The final day of the English Premier League season is one of the most exciting days in the sports year. Even if the league title race has been decided beforehand, those matches help determine which teams qualify for European football, which live to fight for at least one more Premier League season, and, unfortunately, which teams get relegated. One thing that makes "Survival Sunday" so special is that all games start at the same time. The lack of multiple sets of match kickoff times prevents teams with something to play for at the beginning of the day from phoning in a full 90 minutes due to knowing the results of games that occurred earlier that afternoon. While discussing the May 13, 2012 games with a few fellow fans earlier in this week, we all asked the one inevitable question.
Would something like this work in American sports?
One thing everybody agrees on whenever I discuss this subject with American sports fans is that the NFL is the only sports league in this country that could pull it off. Face it. The last day of the regular season in other leagues just isn't as special. Even fans of lackluster NFL teams watch the final Sunday of regular season football because, well, it's the end of regular season football. Somehow, starting all NHL games at the same time on the final day of hockey season just doesn't scream "fun times and high TV ratings."

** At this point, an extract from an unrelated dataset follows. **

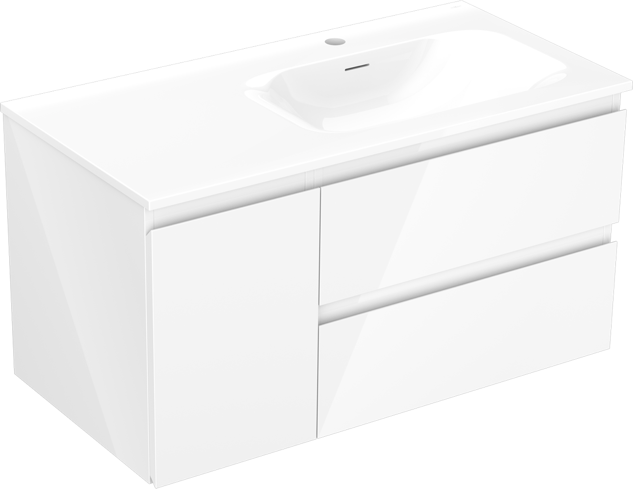 Mexen Orio kylpyhuonekaappi 90 cm pesualtaalla Vela oikea, 2S, 1D, valkoinen kiiltävä - 91A13-09047-3-BBFFF00-W23P00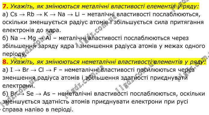 7. Укажіть, як змінюються металічні властивості елементів у ряду: а) Cs → Rb → K → Na → Li – металічні властивості послаблюються, оскільки зменшується радіус атомів і збільшується сила притягання електронів до ядра. б) Na → Mg → Al – металічні властивості послаблюються через збільшення заряду ядра і зменшення радіуса атомів у межах одного періоду. 8. Укажіть, як змінюються неметалічні властивості елементів у ряду: а) I → Br → Cl → F – неметалічні властивості посилюються через зменшення радіуса атомів і збільшення здатності приєднувати електрони. б) Br → Se → As – неметалічні властивості послаблюються, оскільки зменшується здатність атомів приєднувати електрони при русі справа наліво в періоді.

The 2012 edition of Survival Sunday is special for soccer fans in the United States due to the fact that seven contests will be airing live on TV on the morning (ET) of May 13. There's no question that the FOX/CBS/NBC/ABC family of networks have more than enough stations to show an entire slate of NFL games all at the same time. For this to happen, though, the league would first need to have a chat with DirecTV regarding NFL Sunday Ticket. As a wise man once said; good luck with all that.
Every game wouldn't need to air on free national television for an NFL Survival Sunday to be a success. After all, how many games that take place in Week 17 of the season actually matter that much? Broadcasting less than half of the regular season's final games should do just fine. Quite frankly, they'll probably be some years where having games on just CBS, FOX, ABC/ESPN and NBC would work.
Another television-related problem that may arise is the Week 17 Sunday Night Football contest. At the conclusion of the 2011 NFL regular season, NBC aired the Dallas Cowboys at New York Giants game, a "winner takes the division" battle that resulted in record TV ratings. For this to be a possibility, we may have to sacrifice one game to NBC. What must be must be, I suppose.
Time may be a little bit of a problem due to the NFL's Survival Sunday coming at the early stages of winter. All games can't start at 1:00 pm ET because of west coast contests, and some fans and franchises may complain about east coast teams hosting 4:00 pm ET games in January. Football is a winter sport, though, and I'm sure everyone involved would survive. You could, for argument's sake, even move the games back to 3:05 or 3:30 pm kickoffs.
All games starting at the same time doesn't eliminate the problem of some starters not playing during the final week of the campaign. It would, however, prevent certain teams hoping to earn a playoff berth in Week 17 from potentially being able to take it easy due to getting a favorable result during the 1:00 games. Making a permanent change to a Survival Sunday format may not be right for the NFL.
It sure would be fun to at least give it a shot one of these years.